There are a lot of processes out there, and each sensitizer appears to
be sensitive to different parts of the spectrum. Further, each binding
agent seems to absorb different parts of the spectrum.
If we knew the ins and outs of each process, we could design a light
source that would direct those watts precisely to the task at hand.
Unfortunately, we don't have any such understanding, as may be shown by
even a cursory reading of the list's archives.
Fluorescent lights (at least those commercially available) give all of
their light in a very narrow wedge of the spectrum. If this happens to be
the right part of the spectrum, all's well and good.

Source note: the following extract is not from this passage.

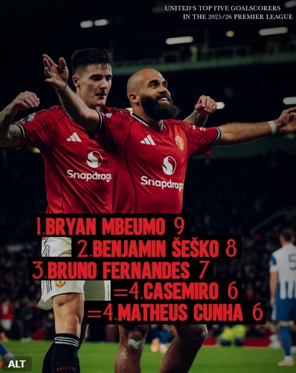 >曼联官方晒本赛季英超队内射手榜:姆伯莫9球居首,舍什科8球次席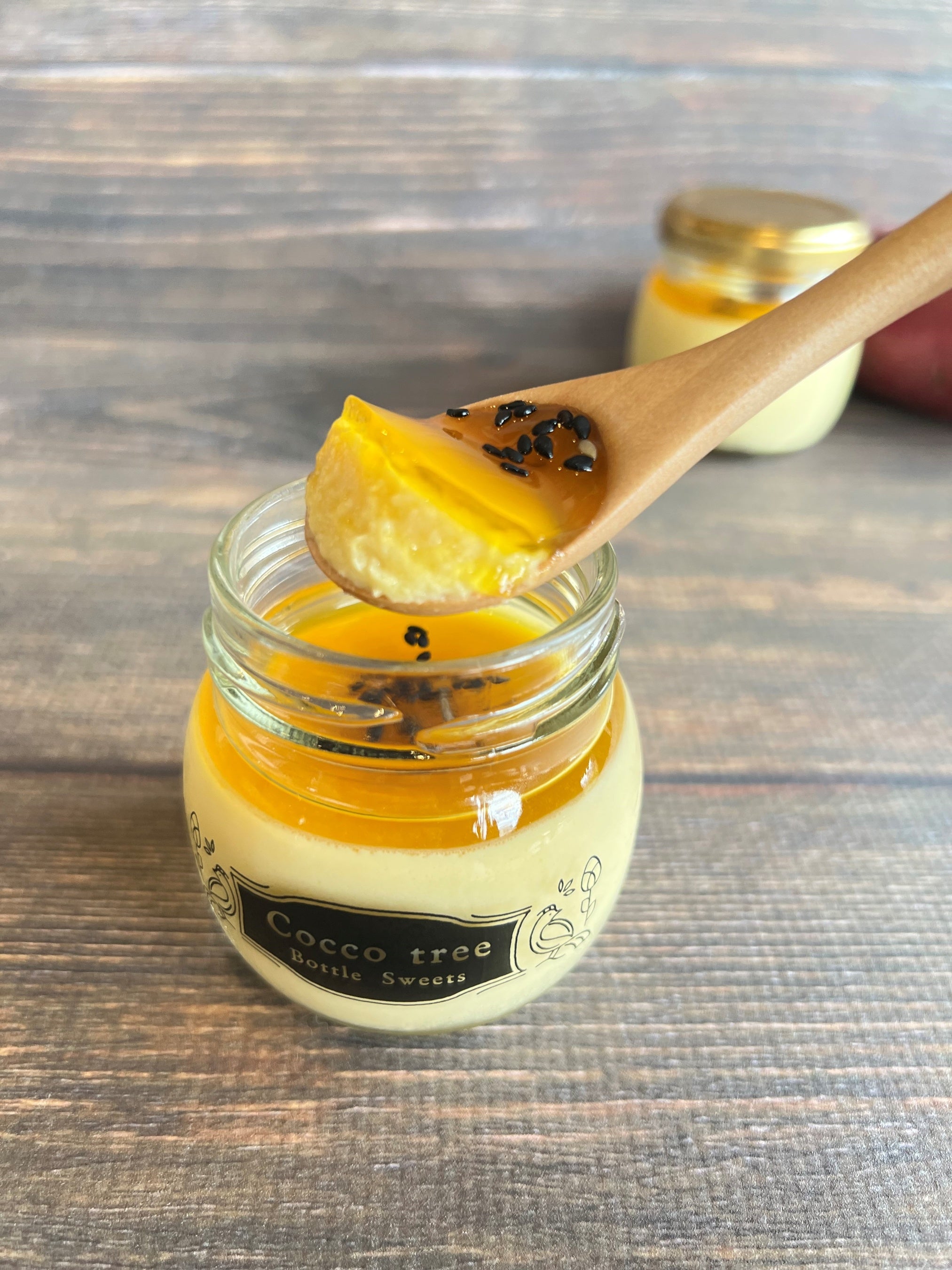 一番上には安納芋ソースをかけました。ぷりんとスイートポテトを掛け合わせたような新感覚のぷりんをどうぞお楽しみください。

Your observations on
cyanotype are right on here.... why use 5000 watts, when you can get away
On the other hand, what good are those 400 watts, if they fall outside
of the active zone of the sensitizer? The beauty of the hallies is their
broad spectrum in the UV.
I found this out firsthand when I replaced a narrow spectrum halide
lamp with a wide spectrum one. Times immediately decreased by 500%. The
reason: more light where it counted.
Finally, as to cost... 5000 watts for 30 seconds is how much?
Electricity costs around 12 cents per kilowatt hour. If I used my
light for one hour it would cost me 60 cents. That's 1 cent per kilowatt
minute, or 1/2 a cent per exposure. I can deal with that.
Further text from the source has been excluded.